10.28.2008

Char Davies: how the physical can trigger the emotional with technology


Char Davies' article gave me some great ideas for ways to expand my project if I ever had the skills or the tools or the budget.

She says that virtual reality is a place where "our minds may float among three-dimensionally extended yet virtual forms in a paradoxical combination of the ephemerally immaterial with what is perceived and bodily felt to be real."

With my project focusing on memories, decisions, and fictional stories, I picture the way people make connections in their brain. I kind of see it as an "osmose", not of worlds, but of snapshots and home movies in your mind. It's kind of like what Davies says, how it seems to be so real when you think deeply about it, but the memory isn't real and can change every time you think back to it.

If I could make a virtual reality version of my project the viewer would slowly move through white fog uncovering black and white pieces of a past. After a certain amount of time there would be two paths and the body would lean one way or another to choose a direction, showing that it's not all about how you think and compare options, but sometimes just a physical gut feeling. At that point there would be less fog and photos/videos would appear quicker in a more forced way and some color would begin to appear, showing that the specific path you chose is taking it's form in reality and you can't go back. Man, if only I had the equipment.

It is such an awesome thing to think about, because it is not just interactive, but immersive. In our pieces the audience is engaged in the art, but with Osmose the audience is IN the piece.


I like her idea of "dehabituating of perception" and that someone will be receptive to new things rather than defensive. I think that works because of her emphasis that virtual reality needs to have an environment different in some way from our real one. It would be interesting to see if the same effect of tranquility and loss of inhibition from Osmose came over people if the simulation was an exact copy of a a busy city avenue, or if it had to be that same street but without people, or without color, or some other alteration of reality.

Something else I thought about was that if this experience based on the physical movement of the body alters the mental and emotional, can something where the mind leads the experience then make the body act in a certain way?


This video is also interesting because it shows how far you can go with the technology. If you were literally walking and ducking through a virtual space (rather than just leaning like in Davies' piece), imagine how much more you may or may not explore and your piece could be come so much more personal and immersive for the viewer.

10.16.2008

Recombinant Theater and Digital Resistance

This article discusses that digital is taking over analog completely in information and communications technology, and beginning to in other fields. Practically, people want the digital (replication). But part of them still wants to have options (analog). It's interesting to think of objects like clothing in this way, because usually these terms are tied to technology. Analog (unique options) are considered high fashion, because they are so different and rare, whereas digitally replicated options are convenient but not special.
To apply this idea to art would be like a painting where there is only one copy, versus a piece that is copied and reproduced for mass production. I feel like even though Duchamp took a mass produced object, that still did not make his art digital.
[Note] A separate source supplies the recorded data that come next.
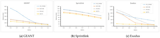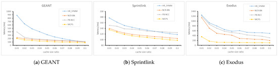 Figure 13 illustrates the variation in cache hit ratio for different caching strategies as the Zipf distribution parameter changes. The cache size ratio is set to 0.05, and the request rate is 50 requests per second. MCPS provides approximately 20.3%, 16.2%, and 10.4% improvement in cache hit ratio over NCR-BN in the three topologies, respectively. As the value of increases, the cache hit ratio gradually improves for all strategies. This trend is due to the increasing concentration of requests on a small subset of popular content as grows.
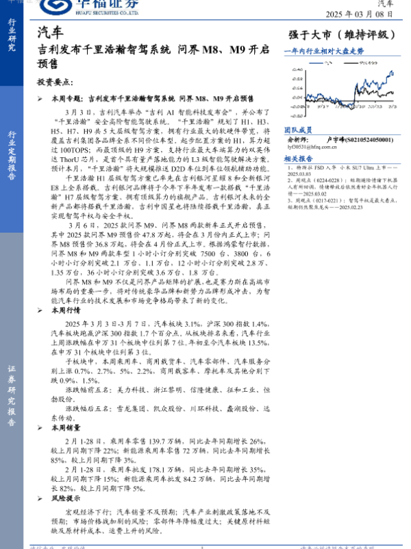 【华福证券】【20250308】吉利发布千里浩瀚智驾系统 问界M8、M9开启预售-12页 行业研究
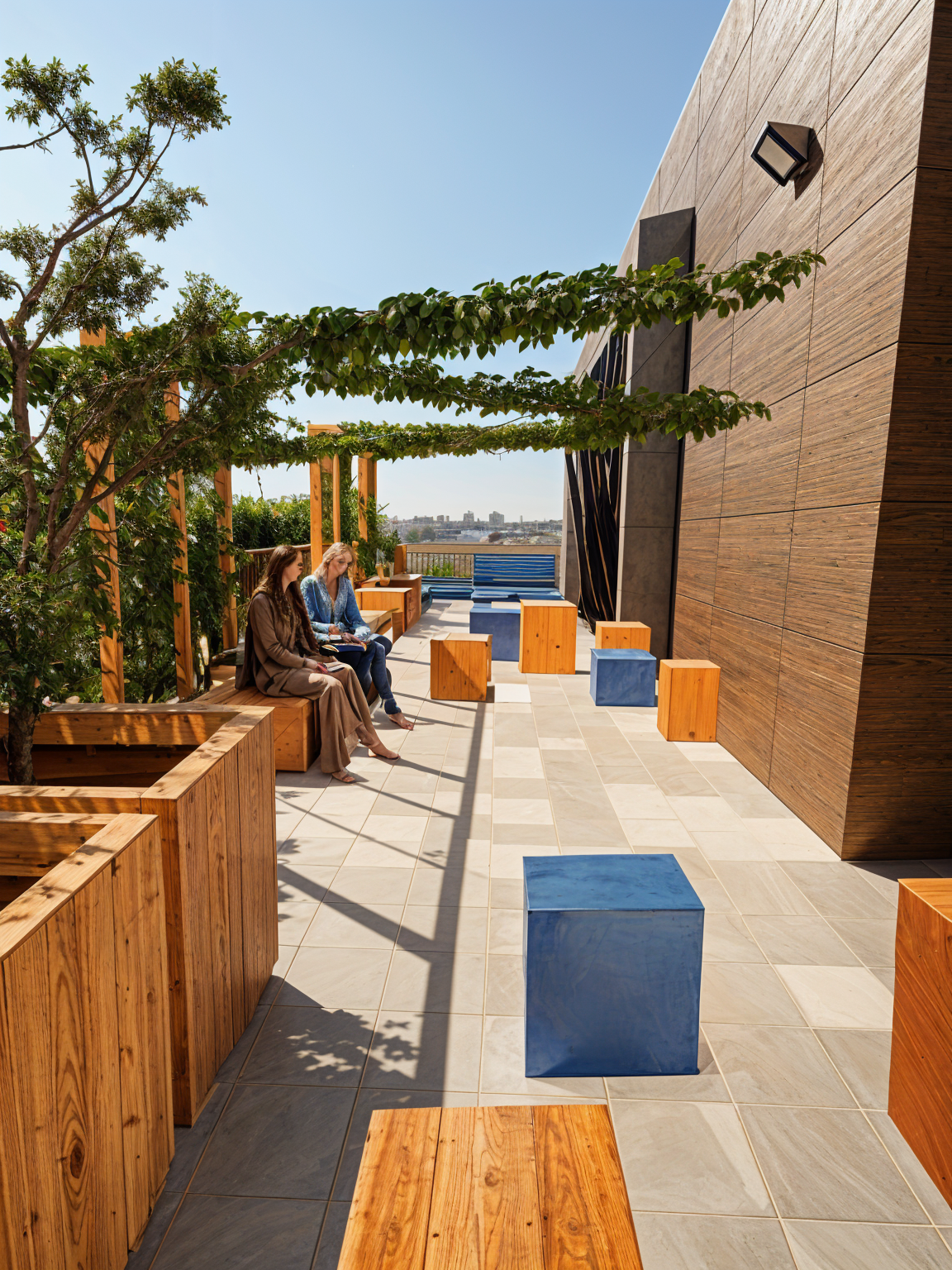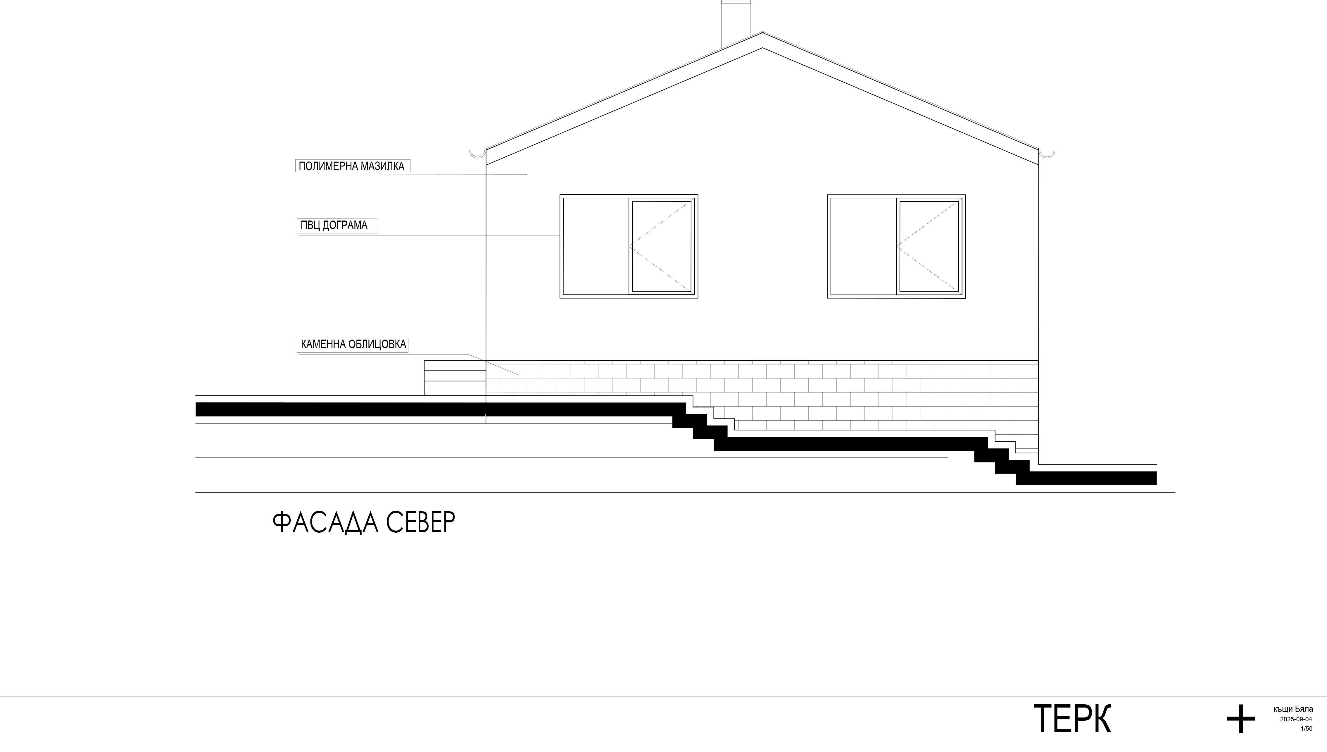 render a modern minimalist house elevation the house features sleek metal roofing in a matte charcoal gray the walls are finished with a smooth polymer plaster in a warm off white shade the windows and door frames are constructed from pvc a subtle light gray to complement the plaster the base of the building is accented with stone cladding in varying shades of light and dark gray the atmosphere is calm and contemporary set against a clear blue sky with soft ambient lighting highlighting the clean lines and materials do not render under the thick black line

The object was digital before he took it out of it's normal location, but by putting it somewhere unique and attempting to give it a new meaning I believe he actually brought it back to analog.
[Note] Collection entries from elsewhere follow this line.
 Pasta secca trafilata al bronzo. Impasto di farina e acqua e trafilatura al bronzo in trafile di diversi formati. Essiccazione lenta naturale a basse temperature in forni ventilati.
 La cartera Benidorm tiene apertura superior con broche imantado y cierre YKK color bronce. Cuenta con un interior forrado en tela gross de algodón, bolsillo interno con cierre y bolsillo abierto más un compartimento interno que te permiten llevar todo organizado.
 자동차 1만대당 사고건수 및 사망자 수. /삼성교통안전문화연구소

Recombinant theater (according to Critical Art Ensemble) is where there is a performance in a public space and people can come in and out and they all add to it in a way. It is and it is not analogic. It is not because there is not just one person (i.e. director) speaking for society. It is analogic because each performance will never be replicated exactly again.
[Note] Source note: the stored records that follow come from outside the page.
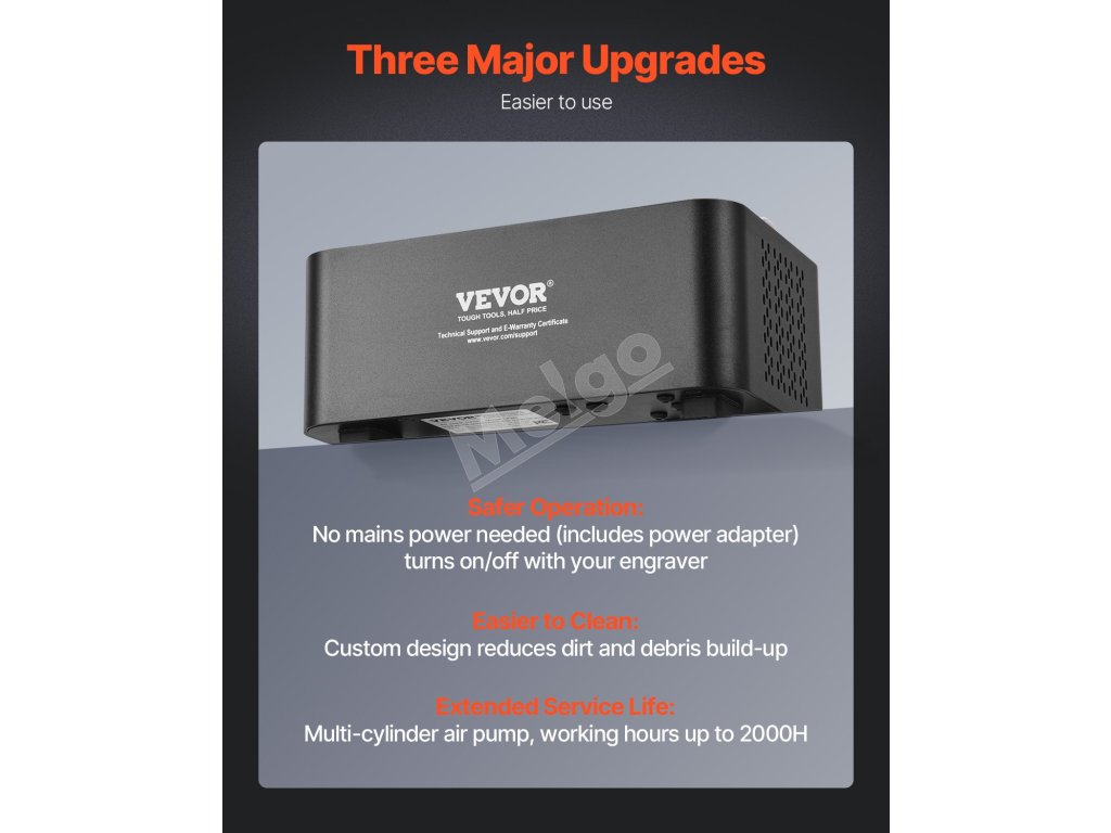 Toto vzduchové čerpadlo ľahko odfúkne dym a nečistoty, čím predĺži životnosť vášho laserového modulu. Nastaviteľný prietok vzduchu 50 l/min znižuje povrchovú teplotu, čím zabezpečuje čistú reznú hranu. Kompatibilné s laserovými gravírkami VEVOR a inými značkami ≥ 20 W.
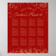 Red and gold Starry sparkle special occasion seating chart set up for 12 tables of 8. Additional names and tables can be added and align as needed.
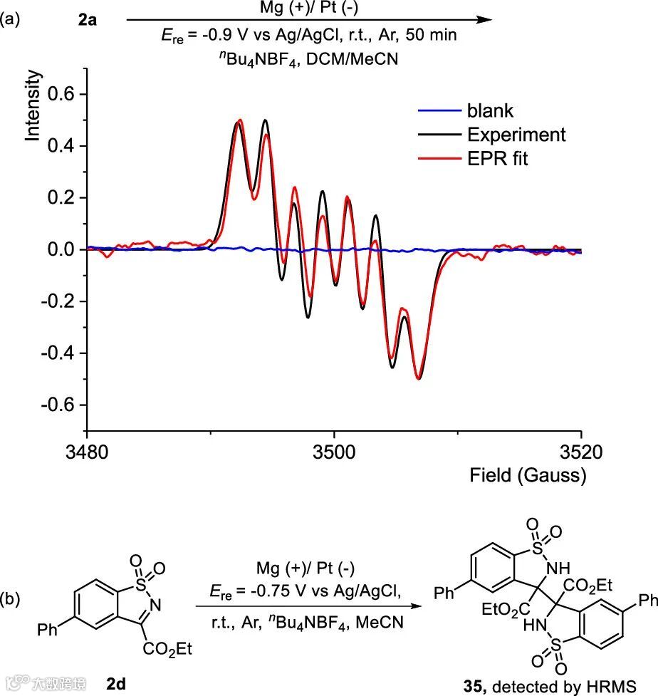 的直接电解,可以得到明显的自由基信号(图5a)。对磺酰亚胺
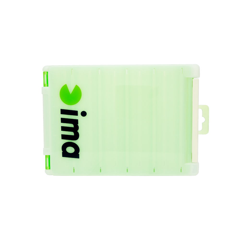 "両面収納タイプのルアーケース「ima LURECASE REVERSIBLE140」。ルアーを1本ずつ分けて収納できるので、手持ちのルアーが一目瞭然!フック同士も絡まずルアーチェンジもスムーズに。水抜きダクト付きなので丸洗いも可能です。
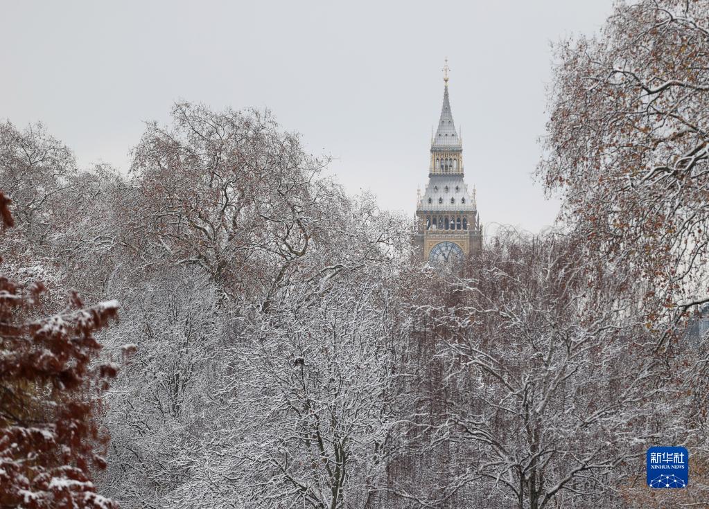 12月12日,英國倫敦大本鐘前的樹(shù)木被積雪覆蓋。
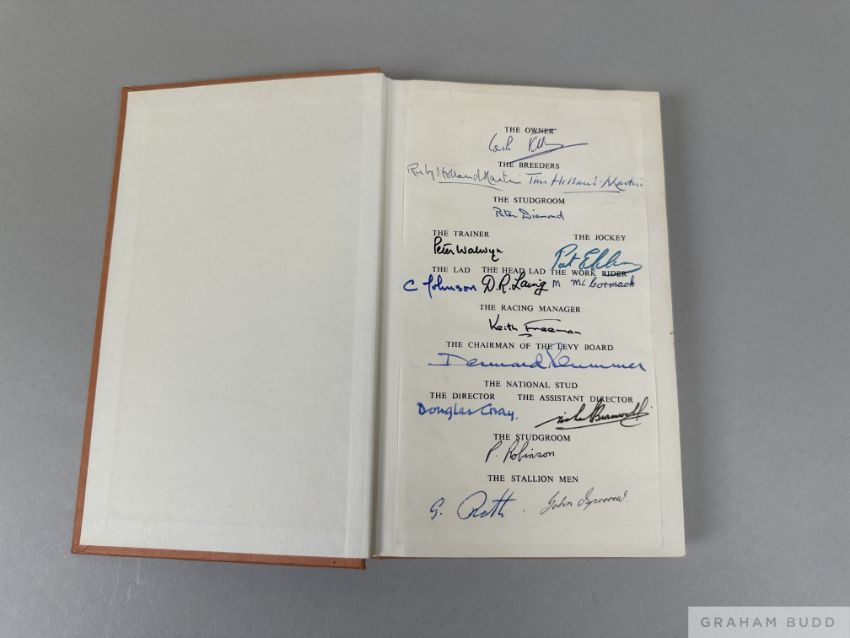 with laid down autograph sheet to front end paper signed by the owner Carlo Vittadini, the breeders the Holland Martin's from the Overbury Stud, the trainer Peter Walwyn, the jockey Pat Eddery, and other signatures including The Lad, Head Lad, Work Rider, Racing Manager, Chairman of the Levy Board, National Stud Director and Assistant Director, the Studgroom and the Stallion men

Thinking about analog and digital in the current art world would be helpful to create works that entice people because they are unique, but still similar enough to other pieces. It can promote interactivity with the audience and any other method that will make it unable to be replicated, if that is what the artist wants. With digital technology as a medium, an analog concept would juxtapose nicely.

Dick Higgins Intermedia: What the heck is he talking about?

Dick Higgins

The first thing to pop up in my head was a great, big "WHAT?!" when I read "We are approaching the dawn of a classless society, to which separation into rigid categories is absolutely irrelevant."
Sure, it is very interesting and true and worth thinking about that art and society can go hand in hand. And it is also true that in the days of the extreme class system, art was extremely categorized. Now it is not so much. But to say that society is also going to be classless is just false. If he had said that society is making it easier to cross class lines, while many certain classes are still rigidly stuck where they are, that would be more true of society and of art. Because while art is taking so many new forms (based on medium and/or concept), there are still paintings that are just paintings and people still have affection for the "original" types of art.


But getting to the point of the article: INTERMEDIA.
The way Higgins describes intermedia, it is basically a concept with the mediums forming around it. It is a comprehensive, interdisciplinary method to combine different subjects and see how they interact to result in a certain effect. Intermedia is constantly changing until the mediums match up to convey a conceptual idea. I think that Higgins' explanation makes a lot of sense and does a nice job of showing the difference between mixed media and intermedia, which I did not know before.
I do disagree that found objects are intermedia though. He believes this just because they don't conform to a pure medium. But even if the artist has a concept to go along with the object, I believe something more has to be done with it to make it intermedia and to strengthen the idea.